■ WORKING DATA ■
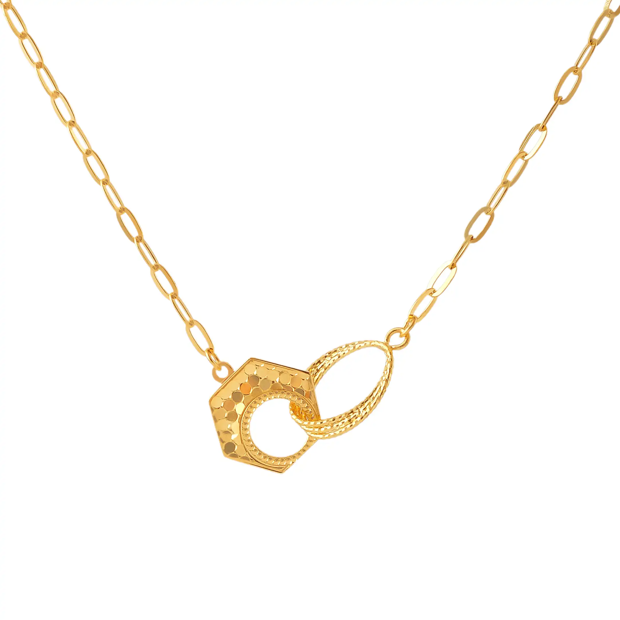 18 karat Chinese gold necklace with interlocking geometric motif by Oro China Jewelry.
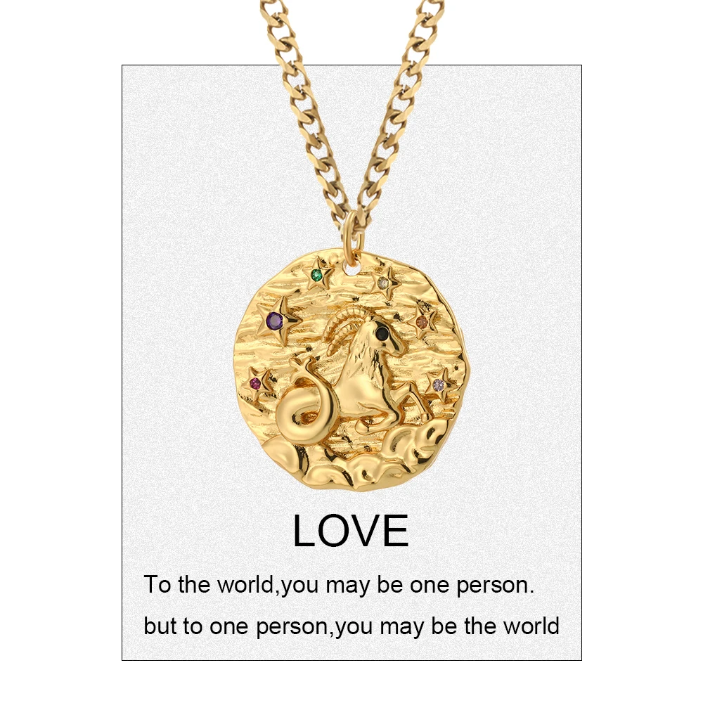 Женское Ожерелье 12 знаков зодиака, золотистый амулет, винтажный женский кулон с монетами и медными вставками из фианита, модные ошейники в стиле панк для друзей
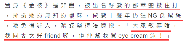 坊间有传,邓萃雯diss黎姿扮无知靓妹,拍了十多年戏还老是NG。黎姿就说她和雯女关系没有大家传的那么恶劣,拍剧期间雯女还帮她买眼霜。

---

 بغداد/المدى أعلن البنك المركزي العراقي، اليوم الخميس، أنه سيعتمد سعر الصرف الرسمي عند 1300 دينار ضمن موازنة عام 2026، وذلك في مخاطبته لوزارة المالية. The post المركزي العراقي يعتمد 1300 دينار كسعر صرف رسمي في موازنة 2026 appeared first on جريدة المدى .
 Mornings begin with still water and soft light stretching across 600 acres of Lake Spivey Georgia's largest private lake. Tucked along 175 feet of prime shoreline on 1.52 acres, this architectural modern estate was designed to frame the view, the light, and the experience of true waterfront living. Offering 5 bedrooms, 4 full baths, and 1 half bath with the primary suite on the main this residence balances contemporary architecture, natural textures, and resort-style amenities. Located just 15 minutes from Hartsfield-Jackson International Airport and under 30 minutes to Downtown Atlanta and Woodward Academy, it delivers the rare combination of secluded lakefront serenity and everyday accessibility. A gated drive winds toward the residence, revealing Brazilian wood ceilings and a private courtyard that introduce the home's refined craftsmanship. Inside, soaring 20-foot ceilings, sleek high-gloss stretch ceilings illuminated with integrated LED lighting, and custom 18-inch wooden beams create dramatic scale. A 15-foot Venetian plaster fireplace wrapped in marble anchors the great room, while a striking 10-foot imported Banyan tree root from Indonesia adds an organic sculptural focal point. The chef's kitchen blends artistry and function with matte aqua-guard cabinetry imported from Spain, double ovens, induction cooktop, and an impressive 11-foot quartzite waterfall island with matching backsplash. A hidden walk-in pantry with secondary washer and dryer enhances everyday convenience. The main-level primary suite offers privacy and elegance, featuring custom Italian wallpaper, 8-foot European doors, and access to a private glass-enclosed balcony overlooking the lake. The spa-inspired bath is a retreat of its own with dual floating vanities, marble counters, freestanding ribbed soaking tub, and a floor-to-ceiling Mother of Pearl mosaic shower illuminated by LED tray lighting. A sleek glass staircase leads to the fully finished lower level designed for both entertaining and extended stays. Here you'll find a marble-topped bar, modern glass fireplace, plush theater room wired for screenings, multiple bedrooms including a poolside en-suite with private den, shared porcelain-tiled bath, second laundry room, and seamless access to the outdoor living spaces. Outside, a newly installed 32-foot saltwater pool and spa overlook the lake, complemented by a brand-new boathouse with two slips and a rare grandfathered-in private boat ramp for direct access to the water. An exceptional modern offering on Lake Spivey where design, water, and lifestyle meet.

==

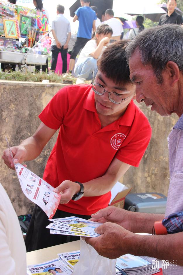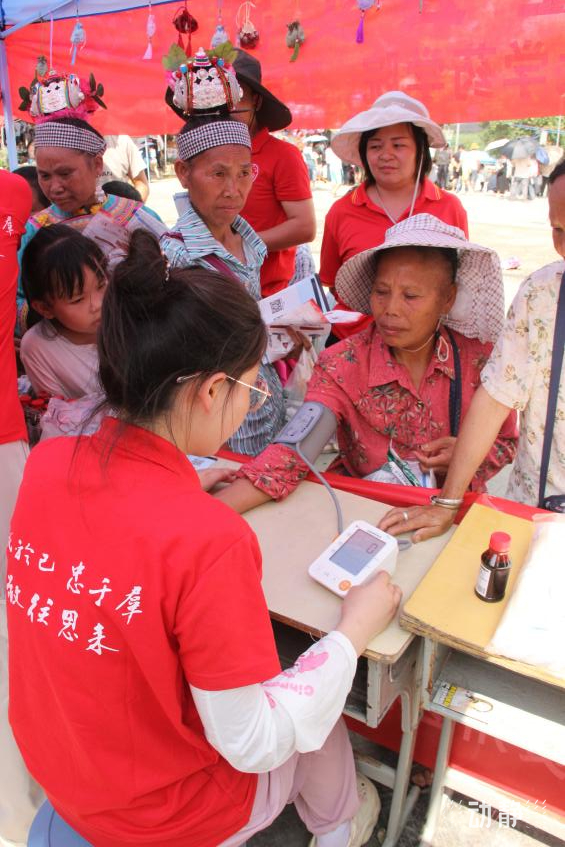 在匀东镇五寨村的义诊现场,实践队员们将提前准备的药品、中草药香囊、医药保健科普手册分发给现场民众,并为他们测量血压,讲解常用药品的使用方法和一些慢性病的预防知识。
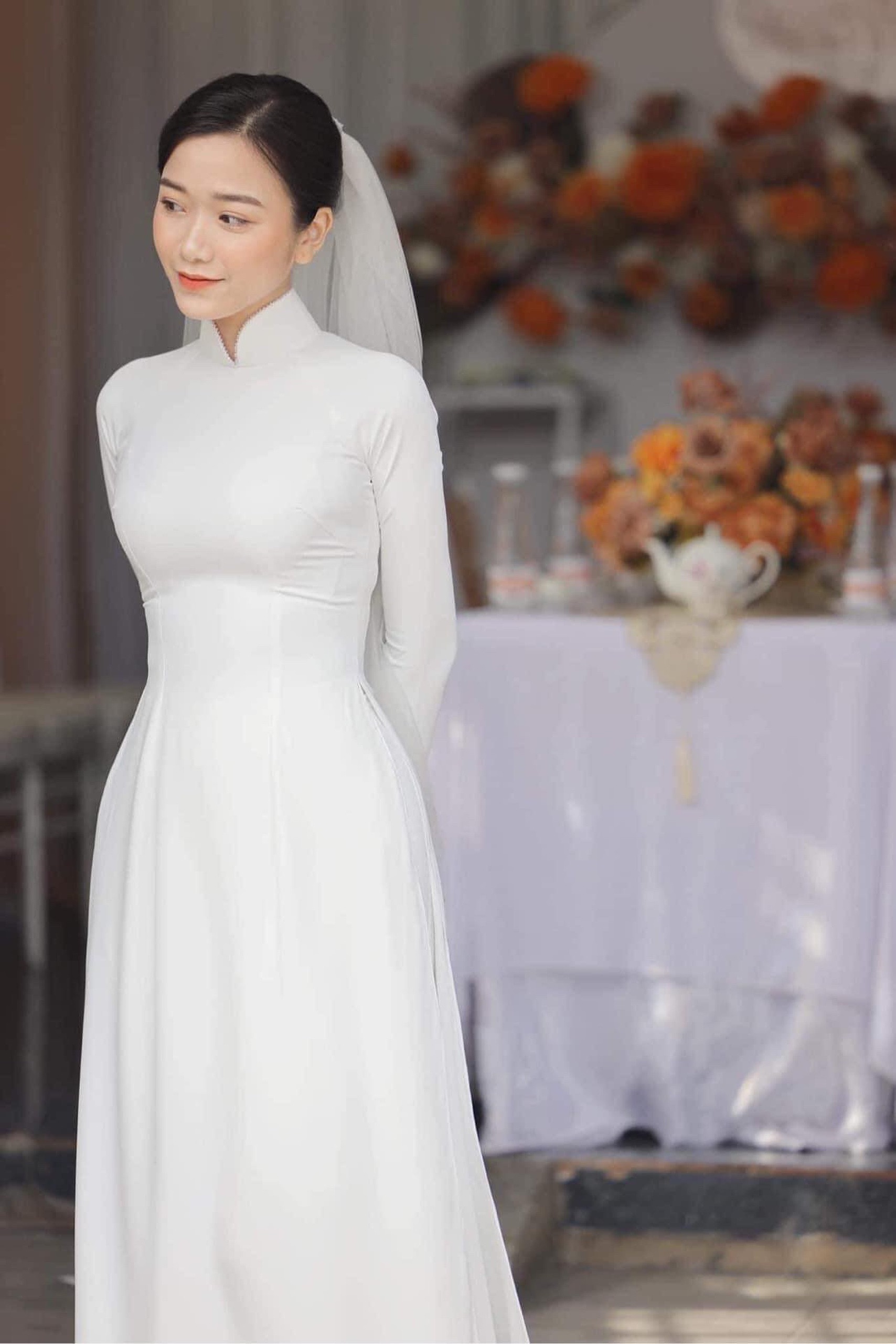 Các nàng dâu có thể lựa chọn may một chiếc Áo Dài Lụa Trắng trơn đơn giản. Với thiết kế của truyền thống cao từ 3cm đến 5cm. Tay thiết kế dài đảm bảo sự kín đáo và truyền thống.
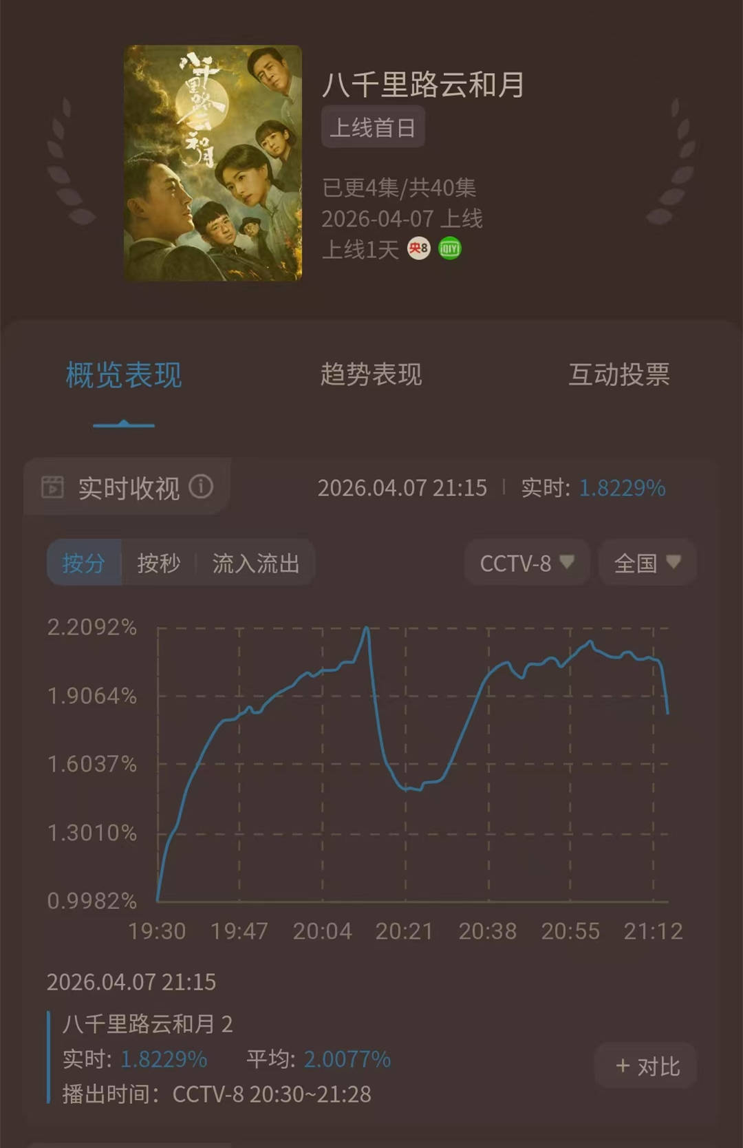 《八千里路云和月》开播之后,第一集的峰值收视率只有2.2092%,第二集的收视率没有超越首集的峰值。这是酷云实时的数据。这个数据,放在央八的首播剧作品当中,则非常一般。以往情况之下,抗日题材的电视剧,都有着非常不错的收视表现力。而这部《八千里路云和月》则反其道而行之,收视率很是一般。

■ PROBLEM STATEMENT ■
Within the listing above, print exactly the stretch beginning at the line that contains "Женское Ожерелье 12" and finishing at the line that contains "坊间有传,邓萃雯diss黎姿", ends kept, pictures left out, and nothing more.

■ WRITTEN ANSWER ■
 Женское Ожерелье 12 знаков зодиака, золотистый амулет, винтажный женский кулон с монетами и медными вставками из фианита, модные ошейники в стиле панк для друзей
 坊间有传,邓萃雯diss黎姿扮无知靓妹,拍了十多年戏还老是NG。黎姿就说她和雯女关系没有大家传的那么恶劣,拍剧期间雯女还帮她买眼霜。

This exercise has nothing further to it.